PAN-India SARS-CoV-2 genome sequencing reveals important insights into the outbreak

The ongoing pandemic of Severe Acute Respiratory Syndrome (SARS-CoV-2) has emerged as a global health problem and has adversely affected the world. The novel corona virus is spreading rapidly creating a threat for humankind. It is estimated that it can spread twice as fast as the 1918 Spanish flu virus. Whole-genome sequencing of pathogens, especially viruses, is a powerful tool to generate rapid information on outbreaks. The results from this technique help in effective understanding of the introduction of the infection ,dynamics of transmission, contact tracing networks and impact of informed outbreak control decisions. This technique has been effective in earlier outbreaks like the Ebola virus.

A collaborative study was conducted by researchers from NIBMG Kalyani, ILS Bhubaneswar, CDFD Hyderabad, NCBS Bengaluru, InStem Bengaluru, NCCS Pune and ICMR-Regional Centre for Medical Research, Bhubaneswar in order to achieve initial goal of completing the sequencing of 1000 SARS-CoV-2 genomes. The nasal and oral swabs were collected from individuals testing positive for COVID-19. The samples were collected from 10 states covering different zones within India. Phylodynamic analysis, mutation analysis and haplotype network analysis was performed. One thousand and fifty two sequences were used for phylodynamic, temporal and geographic mutation patterns and haplotype network analyses. This study will contribute in understanding how the virus is spreading, ultimately helping to restrict transmission, prevent new cases of infection, and provide information for research on how to interevent the spread of infection.

Preliminary results indicated that multiple lineages of SARS-CoV-2 are circulating in India, might have introduced by travel from Europe, USA and East Asia. In particular, there is a predominance of the D614G mutation, which is found to be emerging in almost all regions of the country. Scientists were able to estimate the possible source of country of different varieties of the virus introduced in India because of travel. The virus has also mutated and one of the mutations has attained highest frequencies across most of the states. There are two lineages of the virus named as 20A and 20B which are predominant across the country. The haplotype 20A is most abundant in northern and eastern India, 20B haplotype was abundant in southern and western India. The ancestral haplotypes of 19A and 19B were mostly found in Northern and Eastern India, with 19B being the most abundant in the latter region.
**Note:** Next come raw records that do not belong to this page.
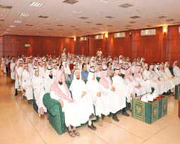 احتفلت كلية المعلمين بجامعة الملك سعود بالطلاب الخريجين والطلاب المتوقع تخرجهم والحاصلين على مراتب الشرف وذلك بحضور عميد الكلية الدكتور علي بن عبد الله العفنان ووكلاء الكلية ورؤساء الأقسام وعدد من أعضاء هيئة التدريس وأولياء الأمور. وافتتح اللقاء بآيات من الذكر الحكيم تلاها أحد الخريجين، ثم كان لعميد الكلية كلمة هنأ فيها الخريجين وأولياء أمورهم وأكد اهتمام الكلية بالتواصل مع الخريجين وأهمية تزويدها بالأفكار والمقترحات والخبرات، بما يسهم في تطوير البرامج المقدمة للطلاب. بعدها ألقى الدكتور إبراهيم الداود رئيس قسم التربية وعلم النفس كلمه فكلمة للدكتور محمد العريفي تضمن جملة من التوجيهات إلى أبنائه الطلاب في هذه المناسبة.
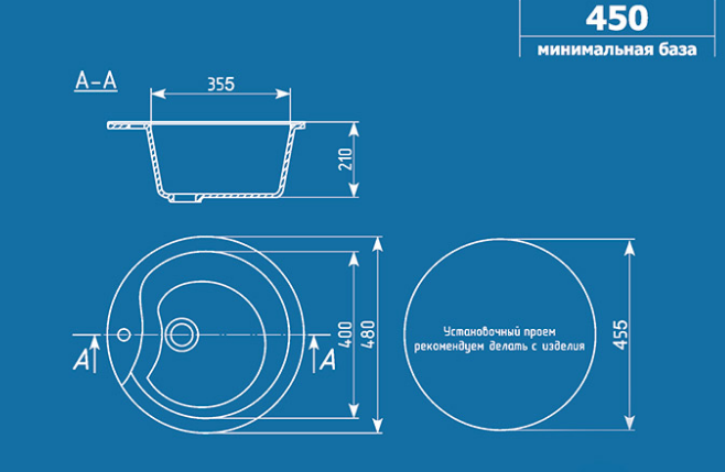 Установочный проем: ⌀ 455 mm
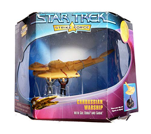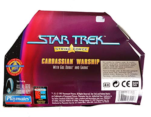 Star Trek Strike Force Cardassian Warship With Gul Dukat and Garak Mini Figure Set. Released by Playmates in 1997 as part of their series of Strike Force Ships and Figures. This fantastic Limited Edition Star Trek Strike Force Cardassian Warship features Opening Bridge Hatch For Figure Placement, Rotating Bridge, Pivoting Tail Section, Display Stand and Gul Dukat and Garak 1 1/2 Inch Figures. Brand New And Factory Sealed Shop Stock Room Find. Discovered in the store room of a closing down shop with a whole host of other play sets from a similar era. Mint condition item, but the box does have some very minor shelf wear on the edges. All Orders Received Before 4.00pm Mondays to Fridays are shipped the same day
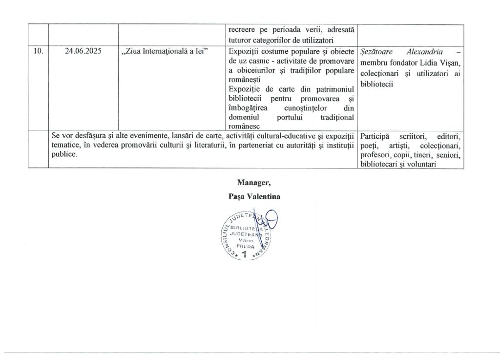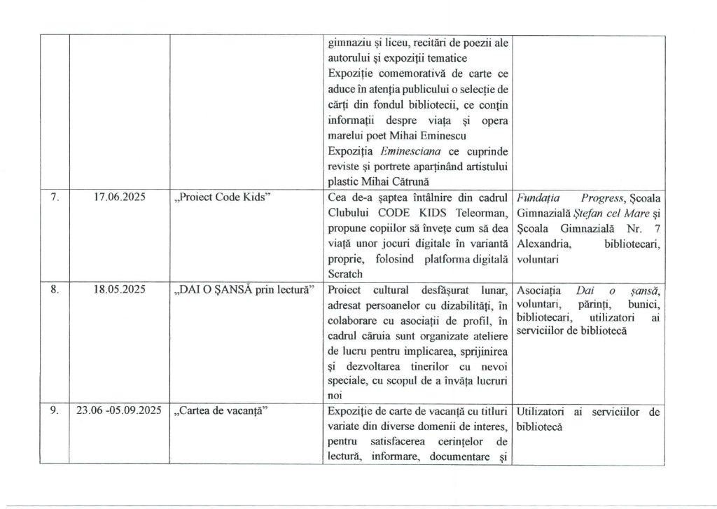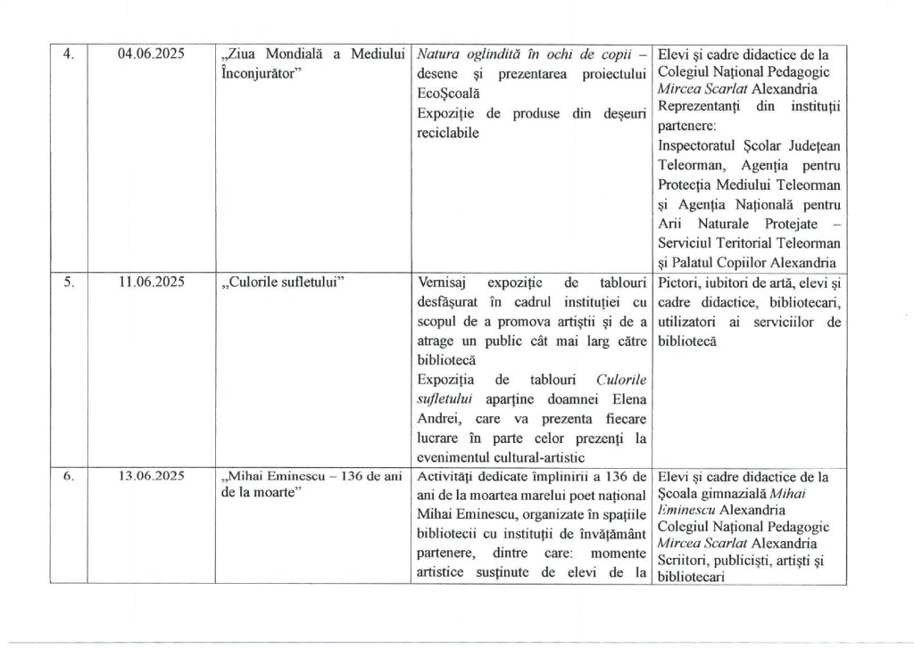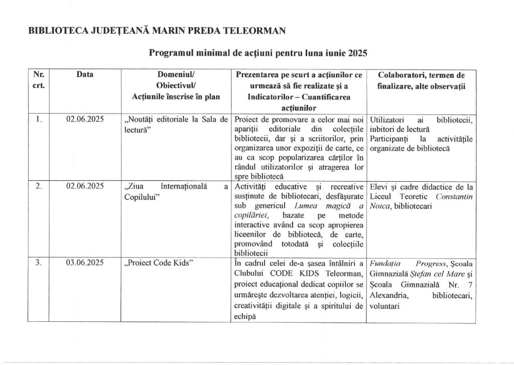 Programul minimal de acțiuni pentru luna iunie 2025

Analysis indicated that the haplotype diversities across India and in each region continued to increase until May 2020, after that it reduced drastically with the emergence of the A2a haplotypes which has overtaken other lineages by June 2020. Such interpretations might enable improved understanding of the virus and hence the health decisions. From the haplotype network, researchers observed that Maharashtra, Karnataka created three distinct haplotype nodes and sequences from Odisha, West Bengal and Uttarakhand sparse in different haplotype nodes. They also observed a haplotype node with the majority of the genomes from West Bengal, Odisha and a small percentage of the samples belonging to Uttarakhand.

Analysis of probable country of origin of these SARS-CoV-2 sequences in India revealed that they had been probably introduced by travel from multiple countries across the globe. 20A, B and C haplotypes were introduced from multiple countries in Europe and also American continents. Interestingly, 20A alone is predicted to have been introduced by travel from Italy, Saudi Arabia, United Kingdom and Switzerland. Similarly, 20B was introduced from the United Kingdom, Brazil, Italy and Greece. In contrast, 19A was introduced from China alone while 19B was introduced by travel from China, Oman and Saudi Arabia.

The number of COVID-19 occurrences in India has increased drastically over the time. Although most of the states have their own strategic lockdown devised to control the outbreak, it will be more efficient if we can include the geographical transmission pattern information in the planning of such strategies. In the current study, scientists have tried to explore the transmission of the infection among different states of India. It is necessary to add more genomic datasets to understand clear picture.